EXERCISE BRIEF:
With pictures excluded, output exactly the lines that run from the first line of the data below through the line containing "Result on Condition".

SUPPLIED INFORMATION:
* * *
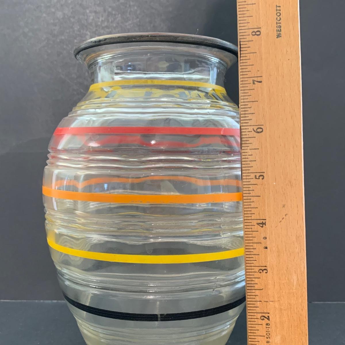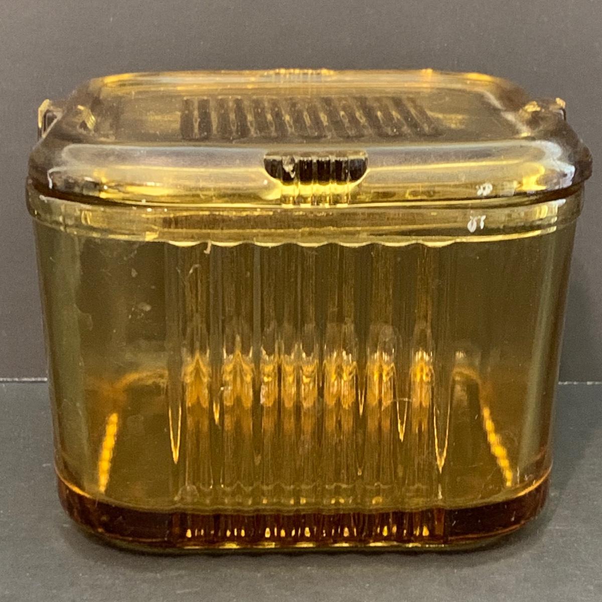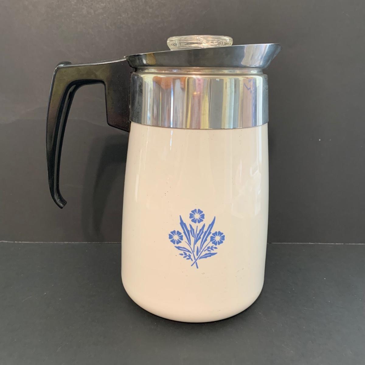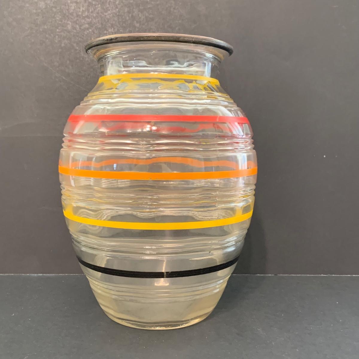 LOT 79: Kromex Holiday Giftware Set, Corning Ware Coffee Percolator Coffee Pot, Hocking Glass Ring Vase, Vintage Federal Glass Amber Square Refrigerator Dish with Lid Ribbed 4" & More
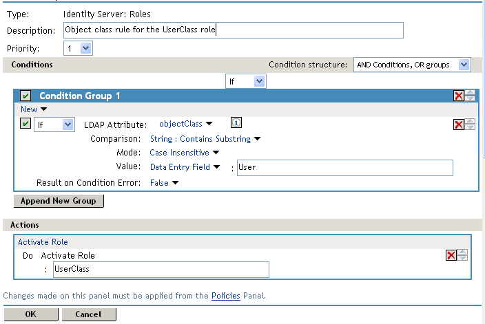 Result on Condition Error: This sets up the results that are returned if an error occurs while evaluating the condition (for example, the LDAP server goes down). This rule is set up to grant the user the role of UserClass if the condition evaluates to . If an error occurs, you do not want random users assigned the role of UserClass. Therefore, for this rule, you need to select .
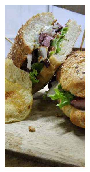 Compuesta de 300 g carne selecta preparada en nuestras instalaciones con una combinación de ingredientes entre piña, queso gouda, lechuga, jitomate bolo, cebolla y aderezo chimichurri, papas doradas chips o papas a la francesa.
* * *
SOLVED EXERCISE:
 LOT 79: Kromex Holiday Giftware Set, Corning Ware Coffee Percolator Coffee Pot, Hocking Glass Ring Vase, Vintage Federal Glass Amber Square Refrigerator Dish with Lid Ribbed 4" & More
 Result on Condition Error: This sets up the results that are returned if an error occurs while evaluating the condition (for example, the LDAP server goes down). This rule is set up to grant the user the role of UserClass if the condition evaluates to . If an error occurs, you do not want random users assigned the role of UserClass. Therefore, for this rule, you need to select .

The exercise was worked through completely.